What was also running through my mind was the memory of how that trial exposed publicly for all America to see, just how divided we were along racial lines.  It was not just a murder trial.  It was a defining moment.  What we are witnessing today with the racial divides in our nation and the tension and conflict it fosters all can be traced back to the moment when the jury verdict was read.

I’ve read a few books on the trial but am by no means an expert.  What I can say is this, the show is pretty riveting.  The casting is fantastic and the dialogue should earn the writers an Emmy nomination.  There were a lot of things I had plain forgotten that this series brought back to my mind.

The acting is good.  Cuba Gooding Jr. is solid as OJ, almost making you feel a bit sorry for him (almost!)  Maybe sorry isn’t the right word…perhaps pathetic is better.  Nathan Lane as F. Lee Bailey was a surprise, because he plays the role perfectly.
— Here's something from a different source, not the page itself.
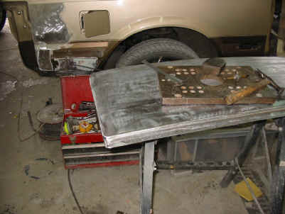 今回はサンルーフを修理しましょう。 ご覧の通り、2重構造の部分を分解すると、ドア下部の様に錆びて朽ち果てております。 骨組み側は錆びておりますが、表面のみの錆でとどまっておりますので、骨組み側は錆落し及び防錆を行った後、再利用することとします。 |

My only critique of the series so far is that there seems to be a lot of emphasis on the Kardashians.  David Schwimmer plays Robert Kardashian and I have to admit, I never liked him as an actor.  Playing the father of the evil Kardashion hell-spawn is probably well suited to him.  The writers play up on the children a lot when in reality, they shouldn’t have even been cast for parts in this series – their roles being so inconsequential.

True pundits will point out that some of the dialogue is off-base or outright made up. There are scenes that seem fictionalized or speculative.  I’m not taking the time to pick apart the series line by line.  It is fairly accurate – which is incredible.  And the characters look eerily similar to their real-life counterparts – especially the actress playing Marcia Clark.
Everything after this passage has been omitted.